Record extracts:

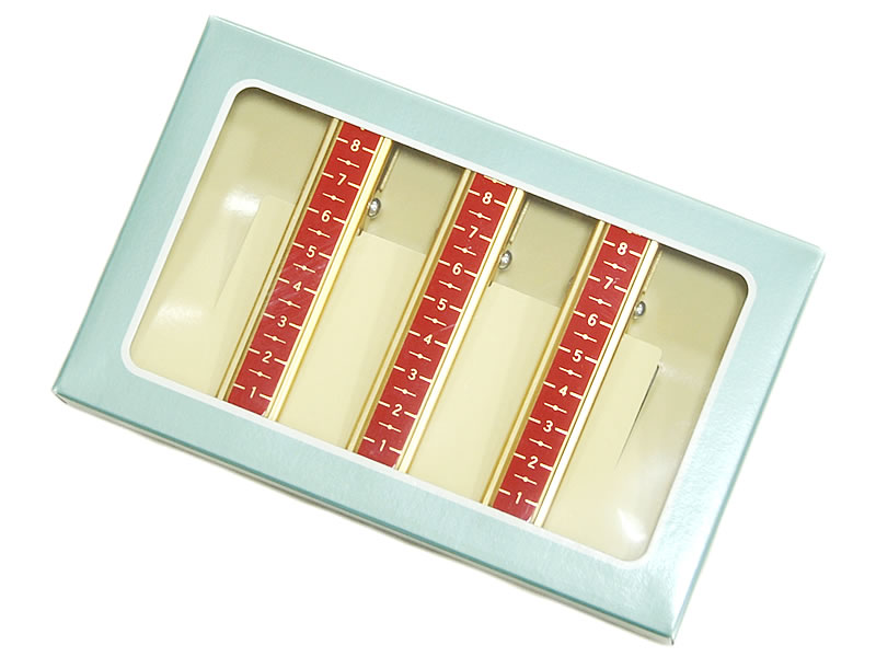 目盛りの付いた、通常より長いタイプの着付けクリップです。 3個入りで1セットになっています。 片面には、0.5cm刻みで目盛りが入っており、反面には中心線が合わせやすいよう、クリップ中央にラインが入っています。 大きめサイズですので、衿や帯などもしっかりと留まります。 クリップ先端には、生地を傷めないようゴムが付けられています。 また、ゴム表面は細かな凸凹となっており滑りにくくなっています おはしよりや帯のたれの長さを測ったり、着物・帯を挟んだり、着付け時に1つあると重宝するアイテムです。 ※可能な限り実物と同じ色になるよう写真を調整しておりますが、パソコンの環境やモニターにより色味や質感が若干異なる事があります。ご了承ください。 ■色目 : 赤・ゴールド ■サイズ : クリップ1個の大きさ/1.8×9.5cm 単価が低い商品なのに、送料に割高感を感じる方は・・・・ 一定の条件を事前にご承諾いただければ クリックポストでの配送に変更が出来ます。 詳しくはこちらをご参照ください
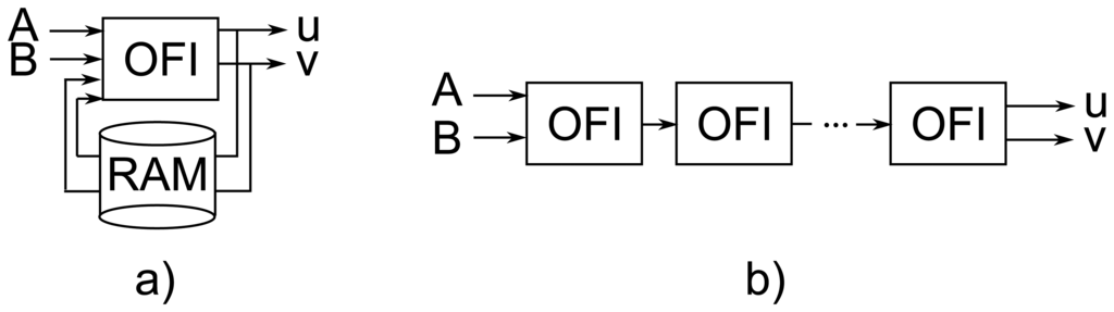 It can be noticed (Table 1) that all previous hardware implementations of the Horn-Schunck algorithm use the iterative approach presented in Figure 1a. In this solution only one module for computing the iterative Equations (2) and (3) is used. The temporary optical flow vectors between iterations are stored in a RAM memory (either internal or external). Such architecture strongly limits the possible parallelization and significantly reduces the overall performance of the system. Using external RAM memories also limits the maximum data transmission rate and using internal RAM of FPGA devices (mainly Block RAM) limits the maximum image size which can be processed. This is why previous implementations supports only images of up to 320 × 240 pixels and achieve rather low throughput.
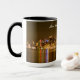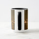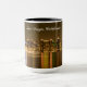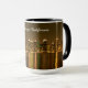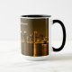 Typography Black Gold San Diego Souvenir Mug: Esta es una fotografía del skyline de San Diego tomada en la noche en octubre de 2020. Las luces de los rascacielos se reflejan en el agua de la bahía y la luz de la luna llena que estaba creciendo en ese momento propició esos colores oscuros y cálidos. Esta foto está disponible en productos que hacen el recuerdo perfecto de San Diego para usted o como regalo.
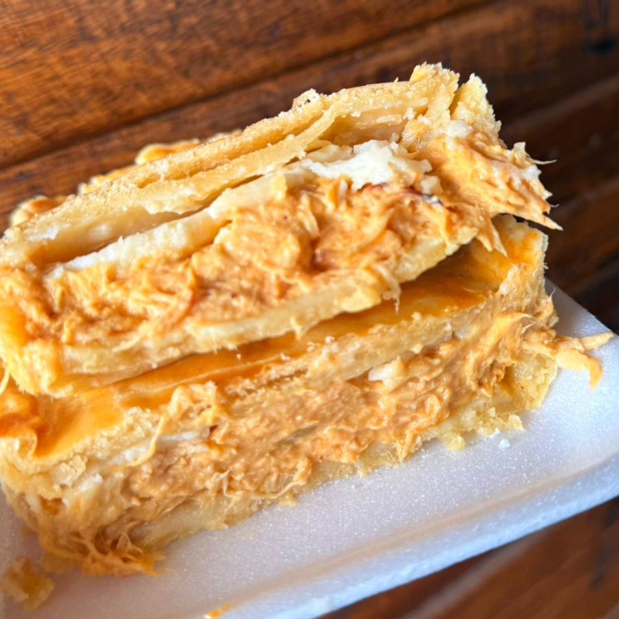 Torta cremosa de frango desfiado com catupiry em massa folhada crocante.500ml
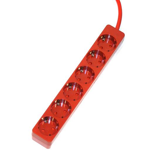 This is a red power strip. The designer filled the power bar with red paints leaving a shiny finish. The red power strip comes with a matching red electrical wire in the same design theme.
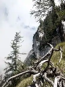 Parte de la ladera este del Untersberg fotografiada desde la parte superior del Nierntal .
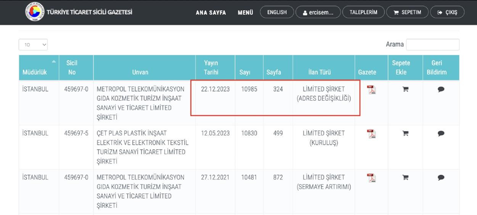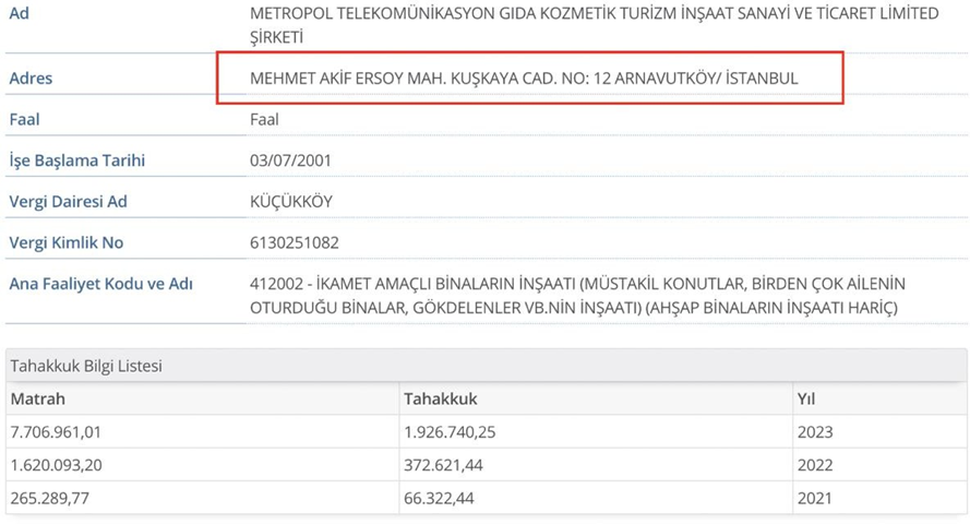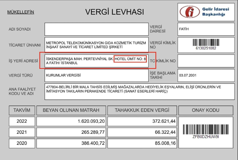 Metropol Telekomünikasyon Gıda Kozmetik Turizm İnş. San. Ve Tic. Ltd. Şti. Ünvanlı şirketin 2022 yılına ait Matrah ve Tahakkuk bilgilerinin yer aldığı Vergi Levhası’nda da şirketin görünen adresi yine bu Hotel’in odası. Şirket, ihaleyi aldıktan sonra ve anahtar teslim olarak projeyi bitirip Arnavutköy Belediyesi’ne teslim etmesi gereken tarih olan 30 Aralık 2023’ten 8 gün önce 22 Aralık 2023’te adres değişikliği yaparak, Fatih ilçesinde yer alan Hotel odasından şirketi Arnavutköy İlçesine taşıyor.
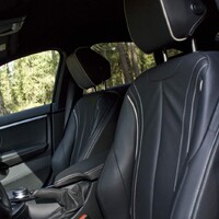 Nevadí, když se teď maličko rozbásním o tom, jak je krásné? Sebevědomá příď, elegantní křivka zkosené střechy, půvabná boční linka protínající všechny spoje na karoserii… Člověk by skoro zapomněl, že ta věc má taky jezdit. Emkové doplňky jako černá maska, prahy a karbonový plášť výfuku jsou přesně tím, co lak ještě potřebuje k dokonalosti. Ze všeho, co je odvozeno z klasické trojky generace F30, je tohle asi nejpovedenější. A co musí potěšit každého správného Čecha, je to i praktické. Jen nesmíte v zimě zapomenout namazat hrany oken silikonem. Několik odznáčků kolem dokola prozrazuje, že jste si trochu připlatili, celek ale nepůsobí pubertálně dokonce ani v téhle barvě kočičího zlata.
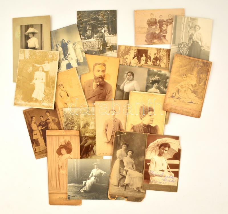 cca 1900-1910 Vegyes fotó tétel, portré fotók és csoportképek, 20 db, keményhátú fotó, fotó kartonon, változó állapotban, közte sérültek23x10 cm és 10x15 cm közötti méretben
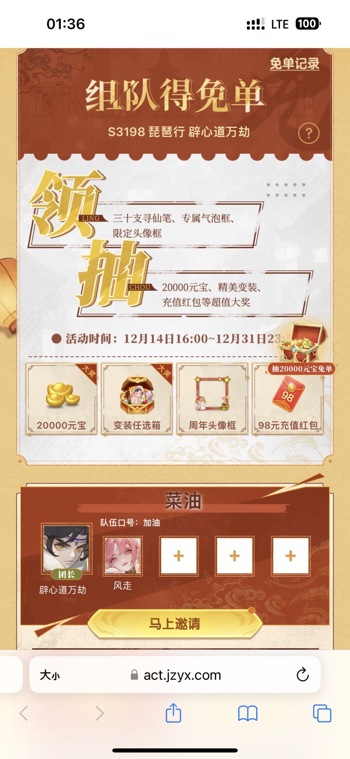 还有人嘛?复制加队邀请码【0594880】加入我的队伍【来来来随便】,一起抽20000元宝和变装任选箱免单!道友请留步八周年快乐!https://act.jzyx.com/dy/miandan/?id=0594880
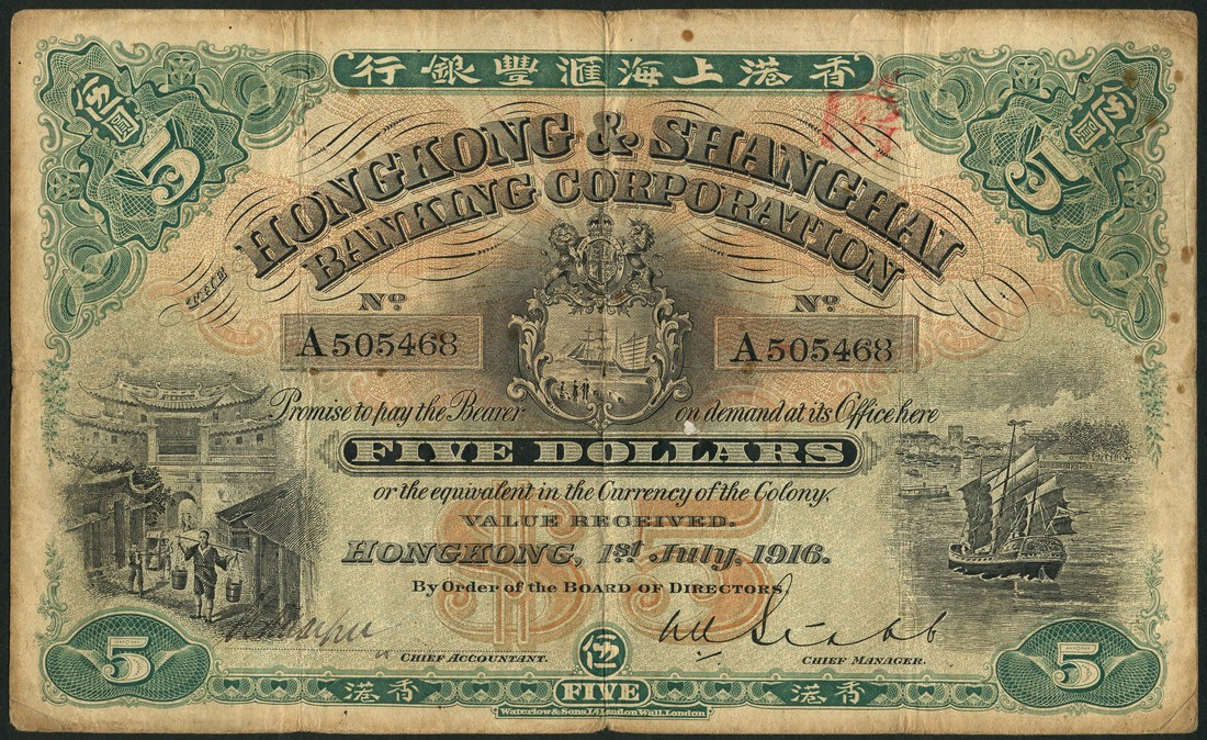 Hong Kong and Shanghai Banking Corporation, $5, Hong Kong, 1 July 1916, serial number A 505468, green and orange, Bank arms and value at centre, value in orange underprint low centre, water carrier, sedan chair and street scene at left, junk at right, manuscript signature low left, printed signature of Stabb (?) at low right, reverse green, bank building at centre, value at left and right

Problem statement:
Exactly as written, reproduce the lines from the one containing "Metropol Telekomünikasyon Gıda" through the last line of the entries above, and leave every picture out.

Your solution:
 Metropol Telekomünikasyon Gıda Kozmetik Turizm İnş. San. Ve Tic. Ltd. Şti. Ünvanlı şirketin 2022 yılına ait Matrah ve Tahakkuk bilgilerinin yer aldığı Vergi Levhası’nda da şirketin görünen adresi yine bu Hotel’in odası. Şirket, ihaleyi aldıktan sonra ve anahtar teslim olarak projeyi bitirip Arnavutköy Belediyesi’ne teslim etmesi gereken tarih olan 30 Aralık 2023’ten 8 gün önce 22 Aralık 2023’te adres değişikliği yaparak, Fatih ilçesinde yer alan Hotel odasından şirketi Arnavutköy İlçesine taşıyor.
 Nevadí, když se teď maličko rozbásním o tom, jak je krásné? Sebevědomá příď, elegantní křivka zkosené střechy, půvabná boční linka protínající všechny spoje na karoserii… Člověk by skoro zapomněl, že ta věc má taky jezdit. Emkové doplňky jako černá maska, prahy a karbonový plášť výfuku jsou přesně tím, co lak ještě potřebuje k dokonalosti. Ze všeho, co je odvozeno z klasické trojky generace F30, je tohle asi nejpovedenější. A co musí potěšit každého správného Čecha, je to i praktické. Jen nesmíte v zimě zapomenout namazat hrany oken silikonem. Několik odznáčků kolem dokola prozrazuje, že jste si trochu připlatili, celek ale nepůsobí pubertálně dokonce ani v téhle barvě kočičího zlata.
 cca 1900-1910 Vegyes fotó tétel, portré fotók és csoportképek, 20 db, keményhátú fotó, fotó kartonon, változó állapotban, közte sérültek23x10 cm és 10x15 cm közötti méretben
 还有人嘛?复制加队邀请码【0594880】加入我的队伍【来来来随便】,一起抽20000元宝和变装任选箱免单!道友请留步八周年快乐!https://act.jzyx.com/dy/miandan/?id=0594880
 Hong Kong and Shanghai Banking Corporation, $5, Hong Kong, 1 July 1916, serial number A 505468, green and orange, Bank arms and value at centre, value in orange underprint low centre, water carrier, sedan chair and street scene at left, junk at right, manuscript signature low left, printed signature of Stabb (?) at low right, reverse green, bank building at centre, value at left and right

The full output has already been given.